AI chatbots and art generators are popping up everywhere, so the big players in the biz are trying to keep up with their own tools. Meta just unveiled Voicebox, a text-guided AI speech generator they say outperforms all existing models. Though it’s not available for public use yet, Meta has made demos available for anyone who wants to learn more.
Voicebox could be used in audio editing by content creators and editors – its voice generation produces natural-sounding audio clips. It can even edit out noise from voice clips like dogs barking and regenerate the voice without a hitch. Plus, visually-impaired users can give Voicebox an audio clip of a friend as short as two seconds and it’ll read their written messages in their voice using AI!

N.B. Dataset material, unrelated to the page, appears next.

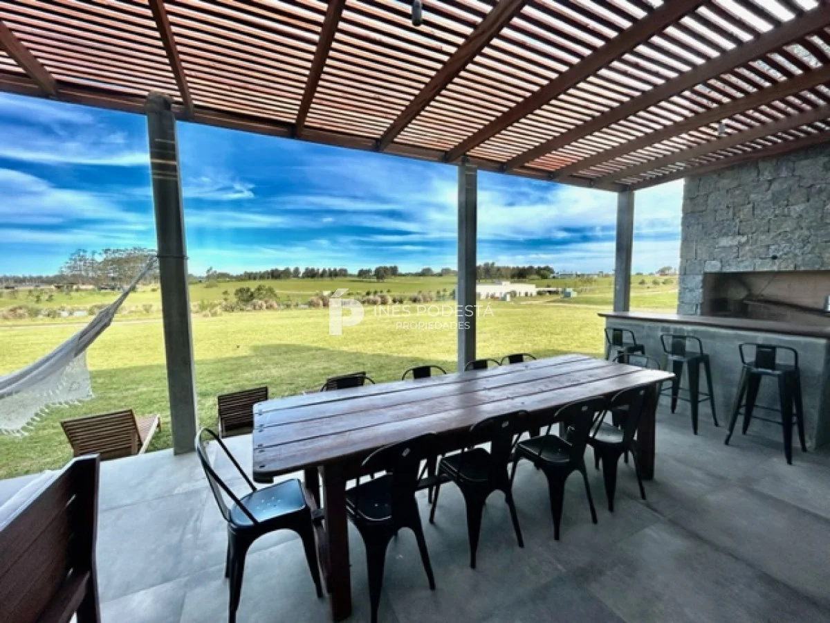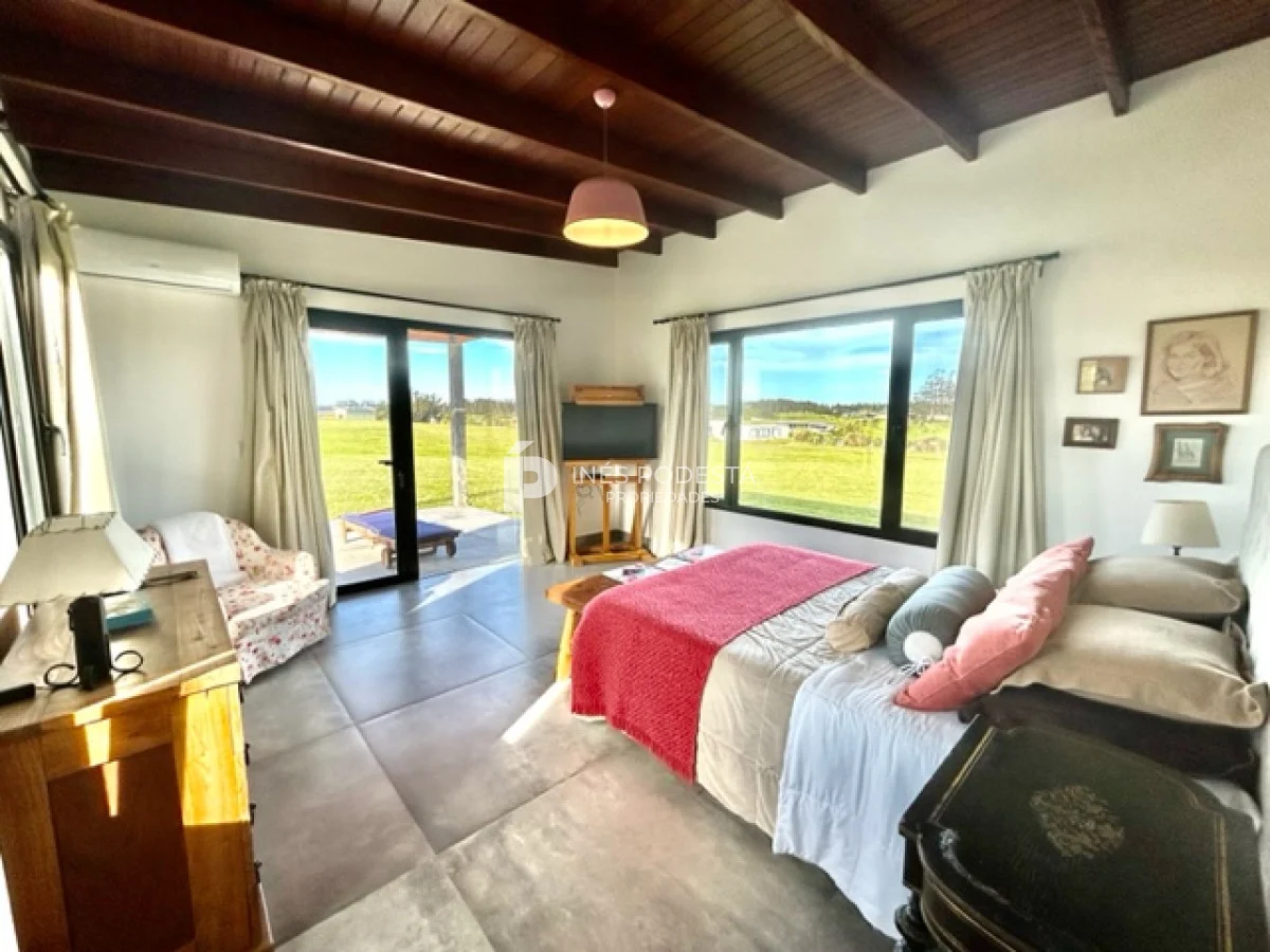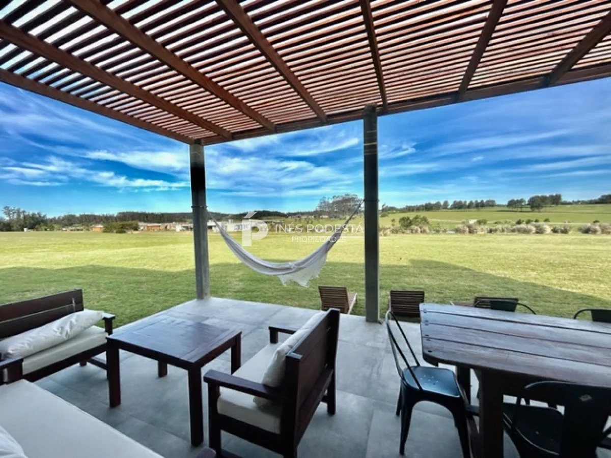 Dentro de el exclusivo barrio privado de Pueblo Mío, ofrecemos esta propiedad impecable de construcción tradicional con doble pared de ladrillo, 160 m2 edificados, amplio living y comedor con estufa a leña, toilette, 2 grandes suites (la principal con vestidor), lavadero, 2 cocheras, calefaccionada por bomba de calor con losa radiante y agua caliente central. Excelente orientación de sol noroeste, ideal para vivir todo el año. Club House con pileta, caballos, gimnasio, canchas, deportes acuáticos en verano, dormis en alquiler para los propietarios

Meta AI’s new generative AI tool can solve tasks via in-context learning, so it can process text it’s never seen before and generate context and inflections just like a person would – using existing knowledge to learn and tackle new challenges. But the ethical and legal implications of this groundbreaking tool are no joke: anyone could use recordings of someone’s voice without permission to make them say whatever they want.In their paper, Meta claims a binary classification model can tell real-world speech from Voicebox-generated ones. But since the system isn’t publicly available yet, we won’t know for sure until Meta gets put to the test.
To get optimal performance, Meta trained Voicebox on 60,000 hours of English audiobooks and 50,000 hours of multilingual audiobooks in six languages. This training gives it the power to do multilingual text-to-speech with no extra training, speech denoising, styling, editing…you name it.
Meta claims Voicebox is faster and makes fewer errors than its competitors. Plus, it can convert written text into spoken words in one or multiple languages without needing to be trained for each language separately. Compared to YourTTS, Voicebox reduced the average word error rate from 10.9% to 5.2%, and increased audio similarity from 0.335 to 0.481.